How to serve VLM models with Continuous Batching via OpenAI API#

This demo shows how to deploy Vision Language Models in the OpenVINO Model Server using continuous batching and paged attention algorithms. Text generation use case is exposed via OpenAI API chat/completions endpoint. That makes it easy to use and efficient especially on Intel® Xeon® processors and ARC GPUs.

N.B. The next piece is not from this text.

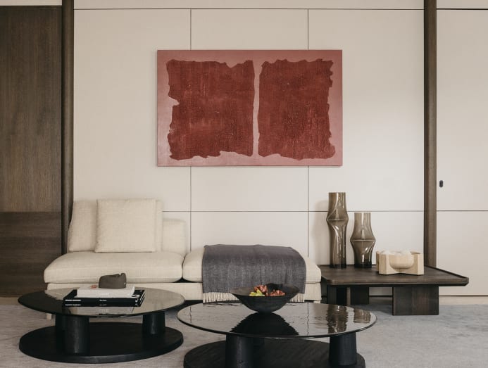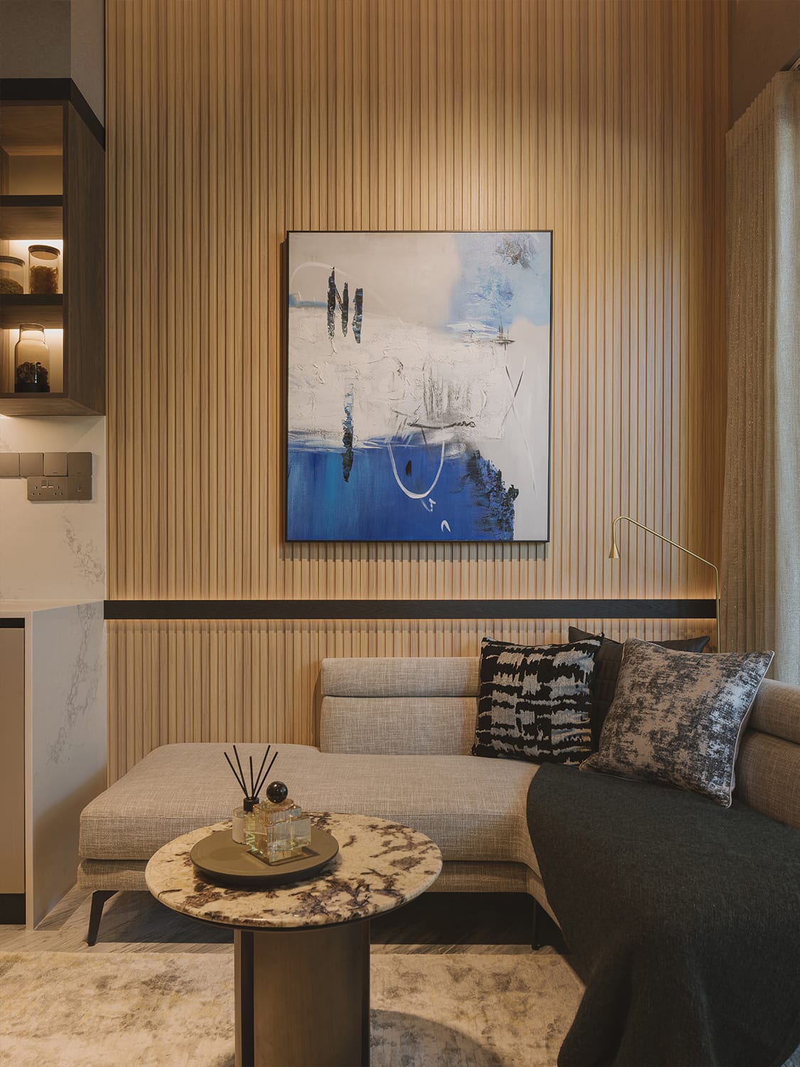 A backdrop of cream, grey, taupe and chocolate shades make this home a tranquil respite. A smoked ash veneer wall panel spans the length of the living, dining and staircase is a harmonising element, while a long, custom-designed dining table and curated furniture selection help elevate the unit’s existing spatial qualities.
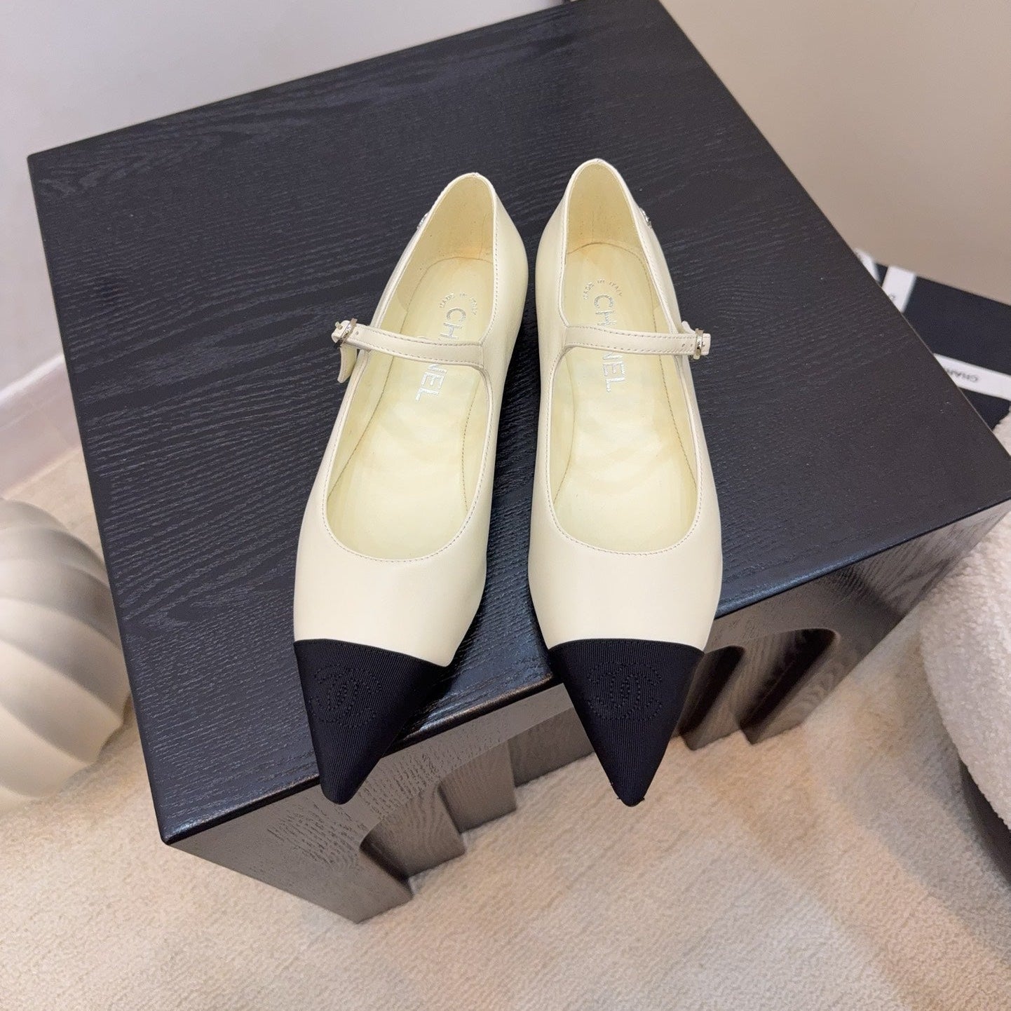 Chanel 25 Bowknot Ballet Flat White Black Sheepskin 473065

Note: This demo was tested on 4th - 6th generation Intel® Xeon® Scalable Processors, Intel® Arc™ GPU Series and Intel® Data Center GPU Series on Ubuntu22/24, RedHat8/9 and Windows11.

Prerequisites#

OVMS version 2025.1 This demo require version 2025.1. Till it is published, it should be built from source

Model preparation: Python 3.9 or higher with pip and HuggingFace account

Model Server deployment: Installed Docker Engine or OVMS binary package according to the baremetal deployment guide

(Optional) Client: git and Python for using OpenAI client package and vLLM benchmark app

Model preparation#

Here, the original VLM model and its auxiliary models (tokenizer, vision encoder, embeddings model etc.) will be converted to IR format and optionally quantized. That ensures faster initialization time, better performance and lower memory consumption. Execution parameters will be defined inside the graph.pbtxt file.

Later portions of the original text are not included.